For various vault systems I don't think it matters at all whether the
secret they manage is the key, input used to generate the key, or
input used to decrypt a key stored elsewhere. Either way they have the
pivotal secret. So I don't see much point allowing the command to
return a fully formed key.

The point of a HSM that you don't get to read the key. Pg can never
read the key, it can only perform encrypt and decrypt operations on
the key using the HSM via the SSL library:

Pg -> openssl:
"this is the ciphertext of the wal_key. Please decrypt it for me."
openssl -> engine layer
"engine, please decrypt this"
pkcs#11 engine-> pkcs#11 provider:
"please decrypt this"
pkcs#11 provider -> HSM-specific libraries, network proxies, whatever:
"please decrypt this"
"... here's the plaintext"
<- flows back up

So the KEK used to encrypt the main cluster keys for heap and wal
encryption is never readable by Pg. It usually never enters host
memory - in the case of a HSM, the ciphertext is sent over USB or PCIe
to the HSM and the cleartext comes back.

In openssl, the default engine is file-based with host software crypto
implementations. You can specify alternate engines using various
OpenSSL APIs, or you can specify them by supplying a URI where you'd
usually supply a file path to a key.

I'm proposing we make it easy to supply a key URI and let openssl
handle the engine etc. It's far from perfect, and it's really meant as
a fallback to allow apps that don't natively understand SSL engines
etc to still use them in a limited capacity.

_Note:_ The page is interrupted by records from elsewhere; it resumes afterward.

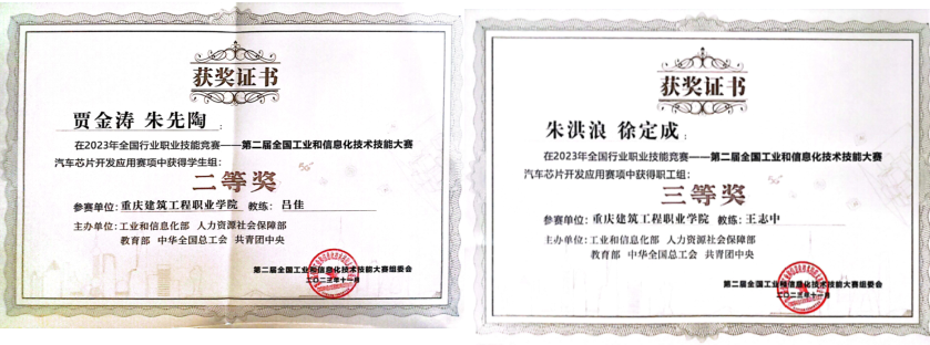 11月15日至18日,2023年全国行业职业技能竞赛第二届全国工业和信息化技术技能大赛决赛在浙江省绍兴市举办。经层层选拔,共有来自29个省(区、市)及新疆生产建设兵团、34家央企457支队伍、1055名选手进入决赛。经过理论考核、实操考核环节的激烈角逐,koko体育智能制造与信息工程学院学生朱先陶、贾金涛荣获“汽车芯片开发应用赛项”学生组全国二等奖,专业教师朱洪浪、徐定成荣获“汽车芯片开发应用赛项”职工组全国三等奖,为重庆代表队和学校争得荣誉。
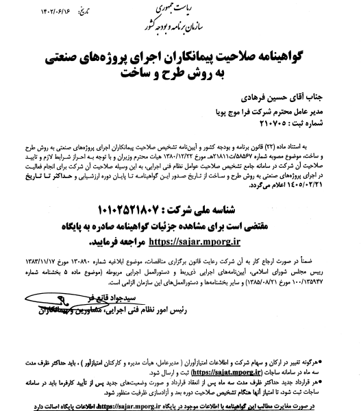 شرکت فرا موج پویا با بیش از 20 سال سابقه فعالیت در صنایع مختلف نفت، گاز و پتروشیمی، نیروگاهی و آب و فاضلاب
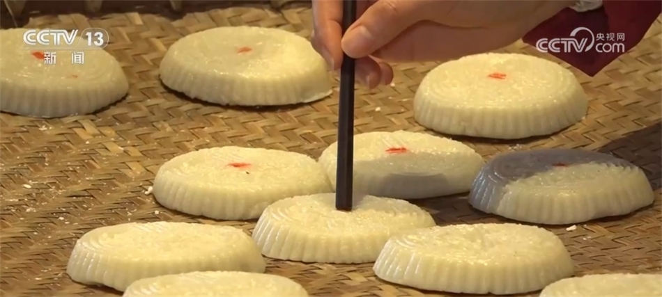 這幾天,黃山市黃山區(qū)湯口鎮(zhèn)的村民們正忙著打“食桃”。村民們將糯米和秈米碾成米粉,按比例加熱水?dāng)嚢?,再將一塊一塊球狀的米粉團(tuán)摁進(jìn)模子里敲打出來,打好的食桃放入蒸箱中,蒸二十分鐘即可出鍋。蒸熟的食桃口感綿糯,刻著各種吉祥圖案,寓意著人們對(duì)新一年的祝福和期盼。

What I'd *prefer* to do is make the function that sets up the KEK
hookable. So by default we'd call a function that'd read the external
passphrase from a command use that to generate KEK+HMAC. But an
extension hook installed at shared_preload_libraries time could
override the behaviour completely and return its own implementation.

In the phrasing of the patch as written that'd probably be a hook that
returns its own pg_cipher_ctx* , overriding the default
implementation of pg_cipher_ctx * pg_cipher_ctx_create(void); . For a
HSM the returned context would delegate operations to the HSM.

> This really locks us into OpenSSL for this, which I don't particularly
> like.

We're pretty locked into openssl already. I don't like it either, it
was just the option that has the least impact/delay on the main work
on this patch.

I'd rather abstract KEK operations behind a context object-like struct
with function pointer members, like we do in many other places in Pg.
Make the default one do the dance of reading the external passphrase
and generating the KEK on the fly. Allow plugins to override it with
their own, and let them set it up to delegate to a HSM or whatever
else they want.

Then ship a simple openssl based default implementation of HSM support
that can be shoved in shared_preload_libraries. Or if we don't like
using s_p_l, add a separate GUC for cluster_encryption_key_manager or
whatever, and a different entrypoint, instead of having s_p_l call
_PG_init() to register a hook.

> > For example if I want to lock my database with a YubiHSM I would configure
> > something like:
> >
> > cluster_encryption_key = 'pkcs11:token=YubiHSM;id=0:0001;type=private'
> >
> > The DB would be encrypted and decrypted using application keys unlocked by
> > the HSM. Backups of the database, stolen disk images, etc, would be
> > unreadable unless you have access to another HSM with the same key loaded.
>
> Well, you would surely just need the key, since you could change the PG
> config to fetch the key from wherever you have it, you wouldn't need an
> actual HSM.

Right - if your HSM was programmed by generating a key and storing
that into the HSM and you have that key backed up in file form
somewhere, you could likely put it in a pem file and use that directly
by pointing Pg at the file instead of an engine URI.

But you might not even have the key. In some HSM implementations the
key is completely sealed - you can program new HSMs to have the same
key by using the same configuration, but you cannot actually obtain
the key short of attacks on the HSM hardware itself. That's very much
by design - the HSM configuration is usually on an air-gapped system,
and it isn't sufficient to decrypt anything unless you also have
access to a copy of the HSM hardware itself. Obviously you accept the
risks if you take that approach, and you must have an escape route
where you can re-encrypt the material protected by the HSM against
some other key. But it's not at all uncommon.

Key rotation is obviously vital to make this vaguely sane. In Pg's
case you'd to change the key configuration, then trigger a key
rotation step, which would decrypt with a context obtained from the
old config then encrypt with a context obtained from the new config.

> > If cluster_encryption_key is unset, Pg would perform its own KEK derivation
> > based on cluster_passphrase_command as currently implemented.
>
> To what I was suggesting above- what if we just had a GUC that's
> "kek_method" with options 'passphrase' and 'direct', where passphrase
> goes through KEK and 'direct' doesn't, which just changes how we treat
> the results of called cluster_passphrase_command?

That won't work for a HSM. It is not possible to extract the key.
"direct" cannot be implemented.